Rather than facing trial in Canada, Mohammed Zuraibi Al-Zoabi failed to show up to a Nova Scotia court on January 14. He was arrested, but let go after posting bail.   

As a condition of his bail, Al-Zoabi’s passport was seized and he was required to post $37,500 — paid in cash — which was forfeited on January 14 when he did not show up to court.

The payment was made by the Saudi Arabian embassy, according to the Crown.

The only way he could have left Canada is if the Saudi embassy had given him new diplomatic paperwork to help facilitate his escape from Canada. His former lawyer confirmed that he fled the country, and the Crown admitted are unsure about his current whereabouts.

Al-Zoabi’s case is very similar to that of another Saudi national who also avoided the Canadian justice system for crimes allegedly committed in Nova Scotia.

In 2007, Saudi national Taher Ali Al-Saba failed to show up to court in Halifax where he faced two counts of sexual assault.

At the time, the Crown attorney confirmed that Al-Saba had returned to Saudi Arabia with the help of the Saudi embassy.

Stories like these are not isolated to Canada.

In 2016, Abdulrahman Sameer Noorah, a student living in Portland, Oregon, is alleged to have mowed down a 15-year-old girl in his gold Lexus before driving away.
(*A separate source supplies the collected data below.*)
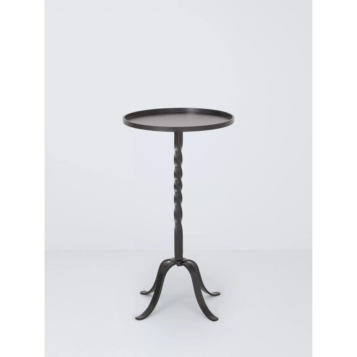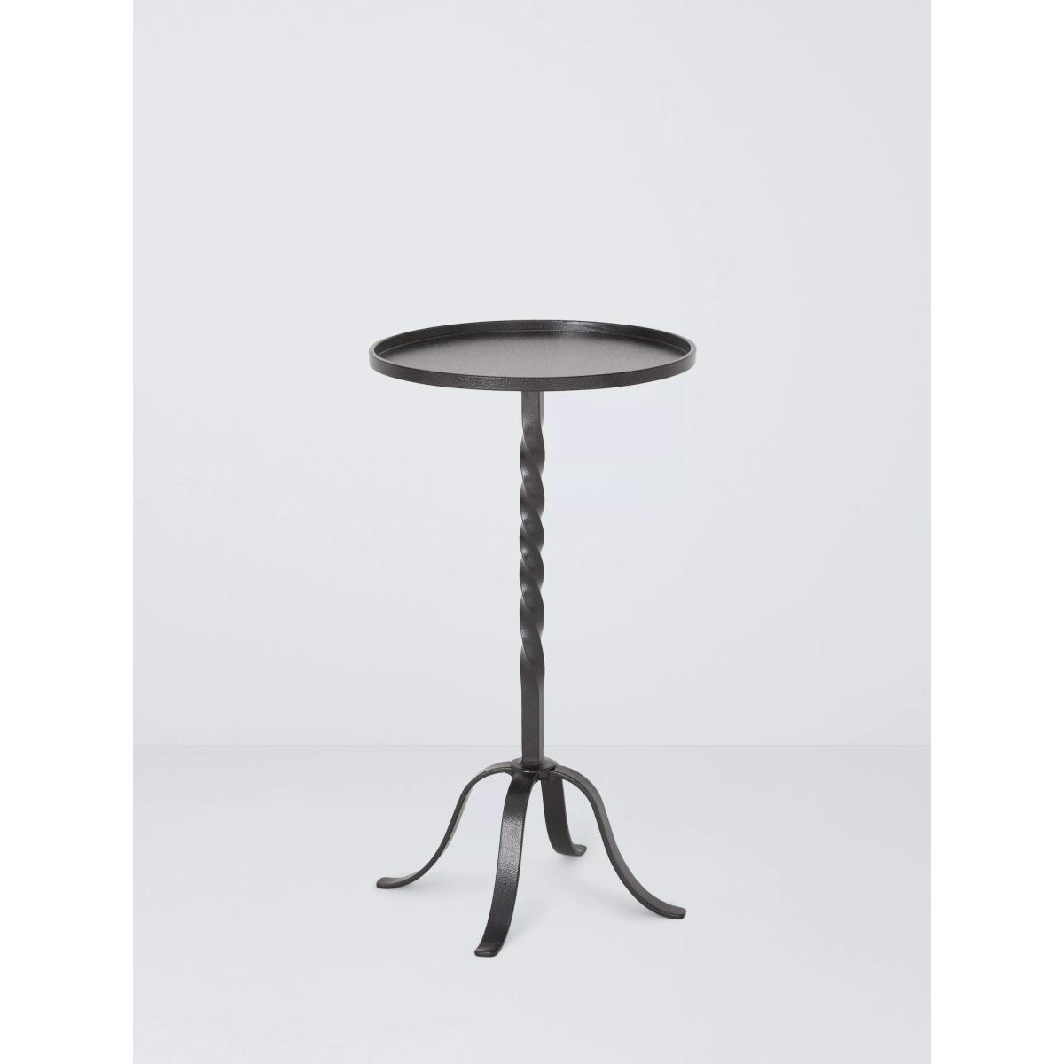 Our Forge range blends timeless design and expert craftsmanship. We've built this side table from robust powder-coated steel with a twisted frame and shapely round legs. With a textured finish that references classic hammered and hand-forged ironmongery, it's the perfect size for your reading nook, and styled with a table lamp. Want to see it first? You may want to see and get a feel for the furniture in one of our shops before ordering. We'll be able to tell you where the range you'd like to view is on display.
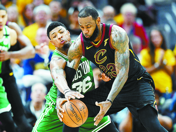 图为骑士队球员詹姆斯(右)在比赛中与凯尔特人队球员斯玛特拼抢。
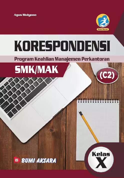 Buku Korespondensi ini ditulis sebagai salah satu sumber belajar siswa SMK MAK kelas X untuk memperdalam materi tentang Korespondensi Korespondensi mempelajari segala sesuatu tentang penggunaan teknologi dan penerapannya dalam aktivitas perkantoran Buku ini disusun berdasarkan Peraturan Direktur Jenderal Pendidikan Dasar dan Menengah Kementerian Pendidikan dan Kebudayaan Nomor 464 D D5 KR 2018 tentang Kompetensi Inti dan Kompetensi Dasar Mata Pelajaran Muatan Nasional A Muatan Kewilayahan B Dasar Bidang Keahlian C1 Dasar Program Keahlian C2 dan Kompetensi Keahlian C3 Selain itu buku ini ditulis secara umum dalam rangka ikut serta mencerdaskan bangsa Indonesia menjelang era globalisasi dalam perkembangan ilmu pengetahuan dan teknologi Anda dapat mempelajari buku ini sebelum dan sesudah dibahas oleh guru dan dapat mendiskusikannya dengan teman agar mendapatkan hasil belajar yang maksimal Setiap bab dalam buku ini dilengkapi dengan Kompetensi Dasar Kata Kunci Peta Konsep Tugas Info Rangkuman Refleksi Diri Soal Latihan dan Tugas Proyek Soal latihan diberikan beberapa jenis setelah akhir bab dan setiap akhir semester Pembahasan materi disajikan dengan bahasa yang lugas dan mudah kalian pahami dari pembahasan secara umum ke pembahasan secara khusus Sebelum membaca rangkuman materi diharapkan kalian membuat rangkuman sendiri terlebih dahulu yang nantinya dibandingkan dengan rangkuman dalam buku sehingga kalian dapat membandingkan pokok materi apa saja yang dianggap penting untuk dirangkum dan meningkatkan pemahaman kalian Pada akhir buku juga dilengkapi dengan Glosarium dan Indeks
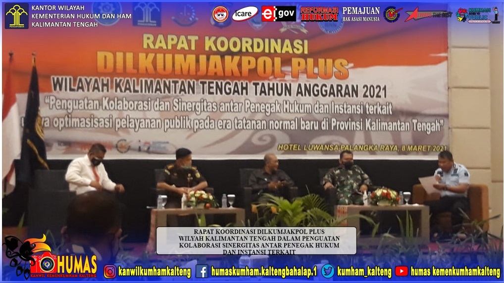MMCKalteng - Palangka Raya - Kelapa Lembaga Pemasyarakatan Kelas IIB Sampit mengikuti Rapat Koordinasi dengan Pengadilan, Kementerian Hukum dan HAM, Kejaksaan dan Kepolisian (Dilkumjakpol) se-wilayah hukum Kalimantan Tengah di ballroom hotel luwansa Palangka Raya, Senin (8/3/2021). Dasar dari kegiatan ini adalah Surat Kepala Divisi Pemasyarakatan Kantor Wilayah Kementerian Hukum dan HAM Kalimantan Tengah Nomor : W.17.UM.01.01-501 tentang Pemanggilan Peserta Rapat Dilkumjakpol dengan tema Penguatan Kolaborasi dan Sinergitas antar Penegak Hukum dan Instansi Terkait Sebagai Upaya Optimalisasi Pelayanan Publik Pada Era Tatanan Normal Baru di Provinsi Kalimantan Tengah.
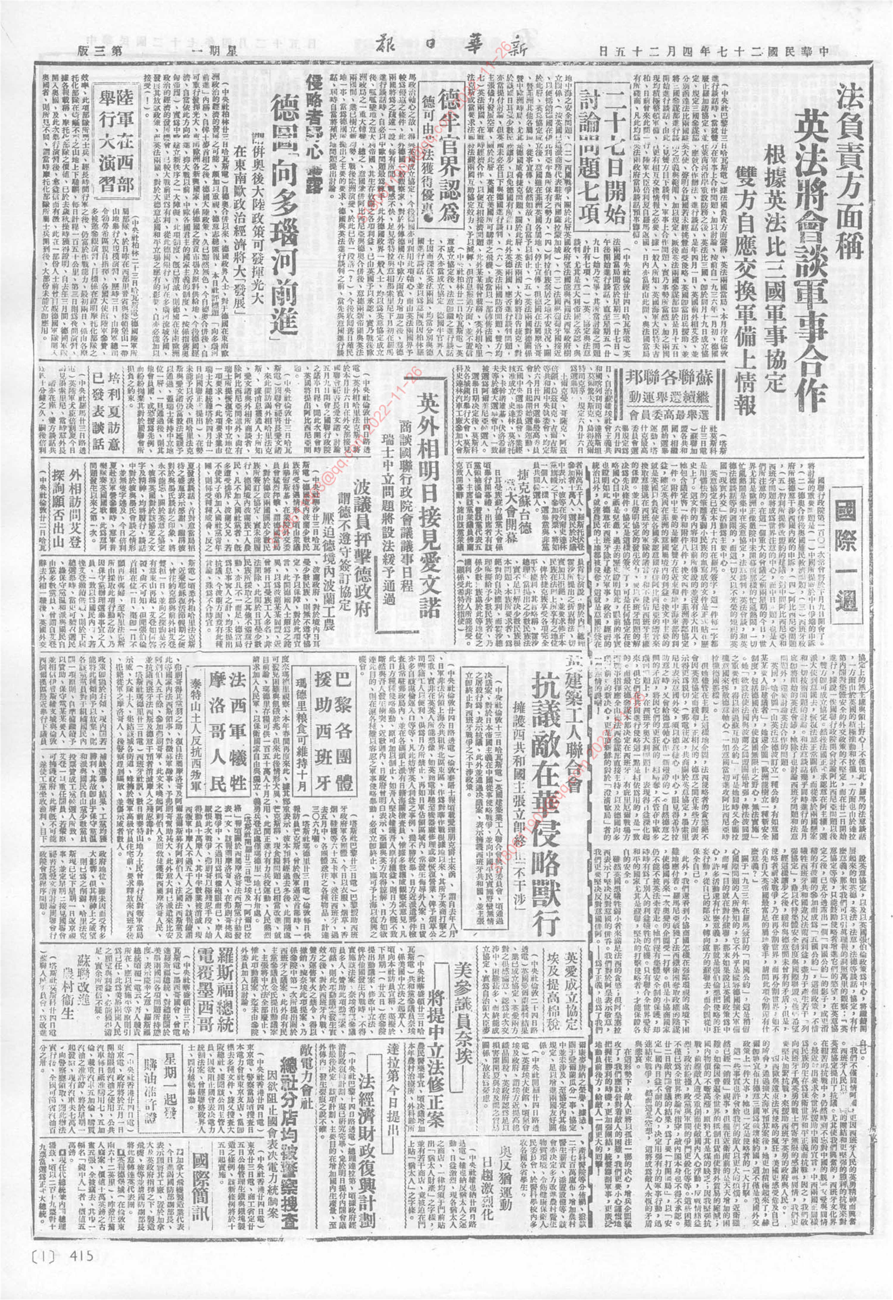 《新华日报》1938年4月25日03
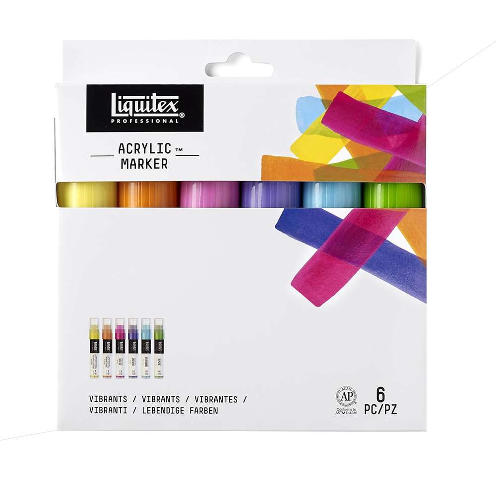قلم ليكويتكس الاحترافي للرسم، بسن عريض، أكريليك مائي، مقاوم للضوء، ألوان زاهية، مناسب للفنانين المحترفين ضمن عبوة من (6) ألوان
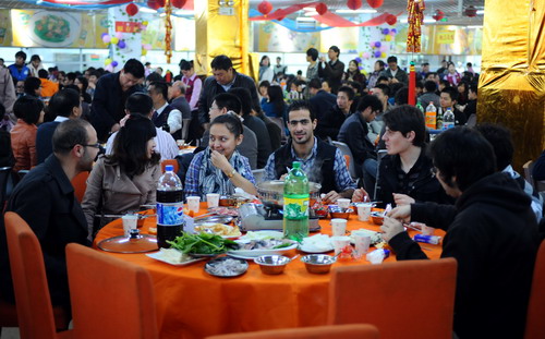 团圆饭在深大新西南餐厅举行。一副春联“心随琅琅书声乐,情系欣欣桃李诗”,道出了荔园美景和师生间的美好情谊;彩色气球、大红灯笼和师生们一张张喜气洋洋的笑脸相互辉映。老师和同学,吃着盆菜、火锅,唱着歌、跳着舞,一声声“新年好!”“新年进步!”说出了心中最美好的祝福。
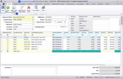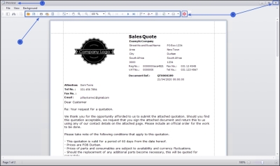 - From here you can make cosmetic changes to the document, as well as Save, Print, Export, Add a Watermark or Email the Sales Quote.
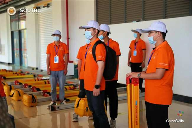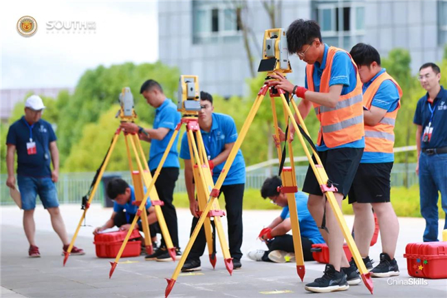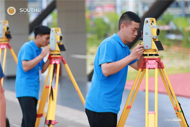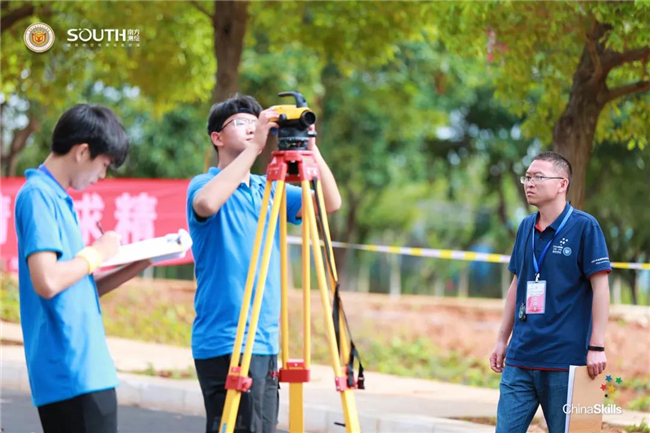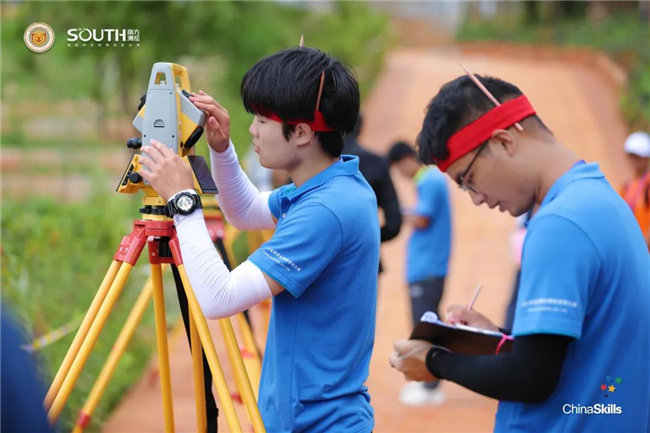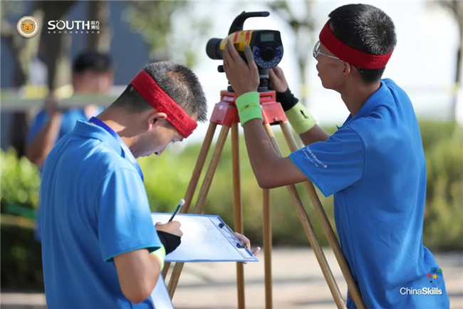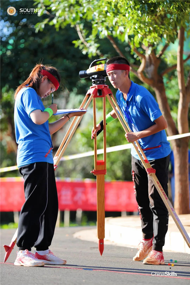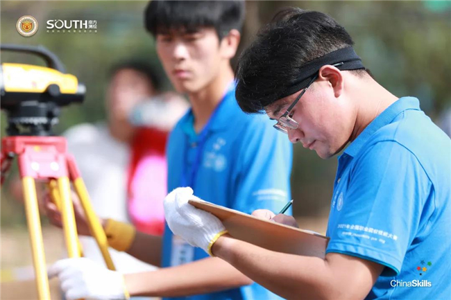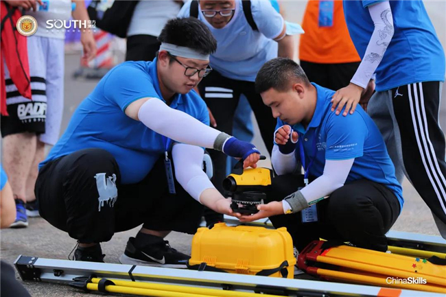 嘹亮的吶喊聲停,口哨聲一響,參賽的選手們手提設備快步向前,隨即一系列測量操作有條不紊地開展。這是全國高職技能大賽工程測量賽項的比賽現場。
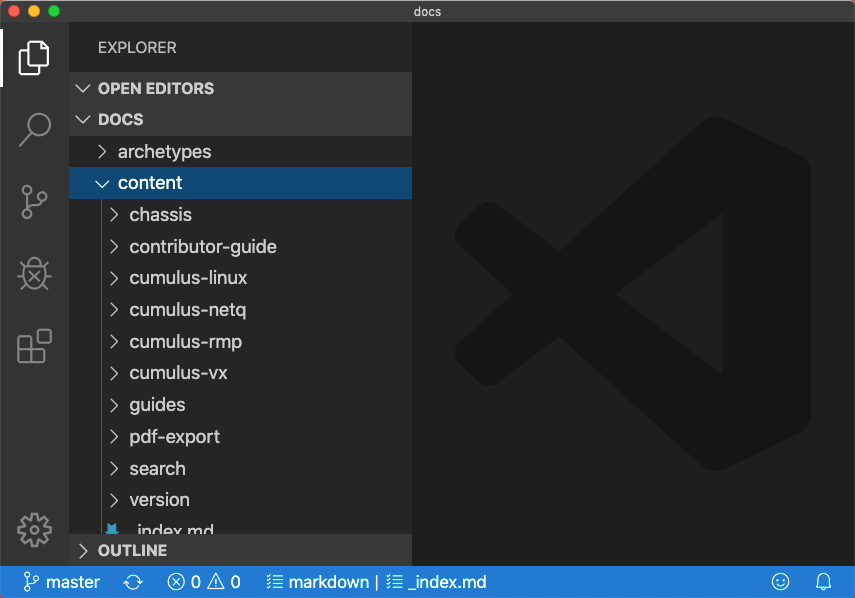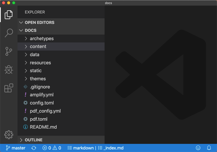 You can view the documentation site structure through your file manager or through a text-based editor. We use VS Code to develop the documentation, but you may use any text editor of your choice.
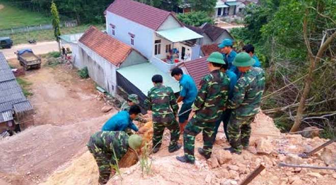 Một quả bom còn sót lại sau chiến tranh có trọng lượng 250kg, dài 2,2m nằm dưới lòng đất đã được Ban chỉ huy quân sự huyện Hoài Ân và Bộ chỉ huy quân sự tỉnh Bình Định tiến hành khai quật để tiêu hủy trong sáng ngày 5-4.
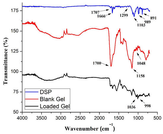 FTIR is an easy-to-use, fast, sensitive, and nondestructive analytical technique for pharmaceutical analysis and quality control. It is equally helpful in the identification of functional groups in polymers, plastics, resins, etc. Therefore, we can use this technique for all phases of the pharmaceutical product lifecycle, i.e., design, manufacture, quality control, and failure analysis. In the current research, we employed this technique to confirm the structure of semi-IPN hydrogels and rule out any possible interaction between the loaded drug and hydrogel components. For this purpose, we analyzed the FTIR spectra of DSP, blank, and DSP-loaded semi-IPN hydrogels (Figure 5).
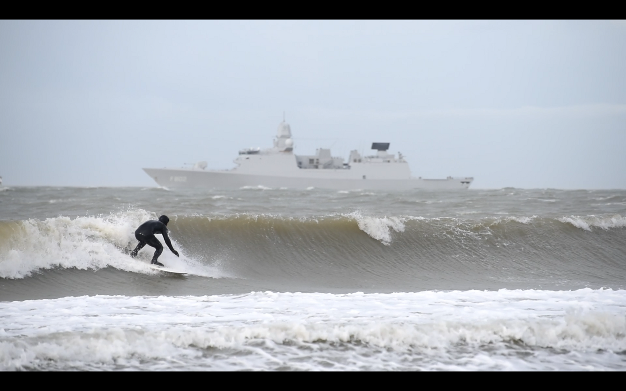 Op deze foto komen de 2 werelden van kwartiermeester-duiker bij de Mijnendienst Andrew Rep samen. Terwijl hij indraait voor een ‘goeie’ golf, vaart op de achtergrond een luchtverdedigings- en commandofregat van de Zeven Provinciën-klasse voorbij. Laat Andrew ruim 10 jaar op deze schepen gevaren hebben.

She died on the spot.

His $100,000 bail was paid in full by the Saudi Consulate in Los Angeles. Nine days before his trial, he disappeared.

A year later, Saudi officials admitted that he had escaped back to the Saudi Kingdom.

The Oregonian Newspaper reported that several other Saudi students have similarly fled to Saudi Arabia to avoid facing justice for the crimes they are alleged to have committed in North America.

This includes Abdulaziz Al-Duways, who was accused of raping a classmate in 2014.

Like the others, he disappeared shortly after the Saudi embassy paid his bail.

Among those mentioned by the Oregonian, there were two alleged rapists, two accused of hit-and-runs and one accused of being in possession of child pornography.

All five were university or college students, and four had their bail posted by the Saudi Embassy.

The trend is clear — young Saudi men are accused of committing heinous crimes, the Saudi government pays their bail and then the men disappear before they can be tried by a Canadian or American court.

This behaviour suggests that Saudi Arabia has a policy of helping its citizens escape responsibility for their actions abroad, regardless of how egregious the crime.